Si la Crimée est rattachée à la Russie, qu’adviendra-t-il des minorités ?

La minorité tatare qui représente 12% de la population, soit à peu près 200.000 habitants sur les 2 millions de Criméens, a déjà fait part de ses craintes. Il est vrai que la déportation effectuée sous Staline a laissé des traces. Axionov a bien proposé aux Tatares certains postes en cooptation pour les allier à sa cause, mais cela n’empêche pas qu’il règne une grosse inquiétude parmi cette minorité. Certaines violences interethniques ont déjà été signalées comme le marquage de maisons tartares ou l’incendie d’un restaurant. Visiblement, la Russie tient énormément à intégrer la Crimée dans sa fédération, cependant elle devra aussi faire montre d’extrême vigilance devant d’éventuels débordements.

Quel sera l’impact sur les relations internationales ?

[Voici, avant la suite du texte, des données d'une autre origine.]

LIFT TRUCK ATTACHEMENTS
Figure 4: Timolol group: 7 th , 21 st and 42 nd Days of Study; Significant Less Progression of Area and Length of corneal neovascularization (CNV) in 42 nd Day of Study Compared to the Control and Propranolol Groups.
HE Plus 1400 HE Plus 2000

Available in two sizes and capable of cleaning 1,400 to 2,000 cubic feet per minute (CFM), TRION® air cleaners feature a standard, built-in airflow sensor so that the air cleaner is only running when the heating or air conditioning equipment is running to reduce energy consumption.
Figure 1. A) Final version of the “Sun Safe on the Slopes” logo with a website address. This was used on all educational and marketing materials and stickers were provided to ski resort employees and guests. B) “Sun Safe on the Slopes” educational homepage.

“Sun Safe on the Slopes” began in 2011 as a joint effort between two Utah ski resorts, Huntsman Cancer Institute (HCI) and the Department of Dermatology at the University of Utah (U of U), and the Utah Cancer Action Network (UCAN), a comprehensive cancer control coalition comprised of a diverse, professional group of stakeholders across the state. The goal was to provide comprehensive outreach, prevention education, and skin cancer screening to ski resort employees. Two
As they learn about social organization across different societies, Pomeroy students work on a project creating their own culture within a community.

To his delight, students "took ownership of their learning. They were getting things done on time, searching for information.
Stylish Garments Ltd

Il est hasardeux de prédire l’avenir. Le monde entier assiste à une annexion. C’est très révélateur de la technique et du comportement de la Russie par rapport aux autres états. Elle avance de manière très déterminée. Du côté de l’Europe et des États-Unis, on exprime bien des réticences et l’on envisage des sanctions, mais on a surtout longtemps eu la tentation de ne pas voir la réalité. Comme ce fut le cas lors des deux guerres de Tchétchénie qui firent pourtant des dizaines de milliers de victimes civiles. Ou encore en 2008 en Géorgie où, là aussi, la diplomatie a pris le dessus. On évite depuis longtemps d’être trop ferme face à la Russie qui est tout de même l’un des poids lourds parmi les puissances militaires et envers qui de nombreux pays ont une dépendance énergétique. Au pire, il est possible qu’on ne reconnaisse pas au niveau international la Crimée comme état indépendant.

Quel pourrait être le prochain coup de la Russie ?

Malgré ce qu’on peut croire, les évènements des derniers mois ont envoyé un signal fort aux autorités russes et posent un enjeu de choix à celles-ci. Une population qui se sent méprisée est capable de maintenir la contestation durant des mois et obtenir le départ de personnalités politiques soutenues par Moscou. Poutine souhaite visiblement garder un moyen de pression sur l’Ukraine. L’évolution de la situation va dépendre de plusieurs éléments combinatoires et s’appuyer sur des instruments économiques, territoriaux ou encore linguistiques et culturels. Il est très probable que Poutine s’arrête là. En réalité, beaucoup de choses vont dépendre du jeu politique en Ukraine. Si les autorités ukrainiennes arrivent à rester fermes, mais paisibles tout en évitant l’écueil de l’émotionnel, cela ne facilitera pas la tâche de la Russie. Si les politiciens ukrainiens répètent les mêmes travers comme la corruption ou s’ils éprouvent de grosses difficultés à se construire en tant que réelle entité politique cela ferait, au contraire, le jeu du président russe qui pourrait alors s’attaquer par exemple à Donetsk , bastion russophone dans l’est de l’Ukraine, ou encore Kharkiv.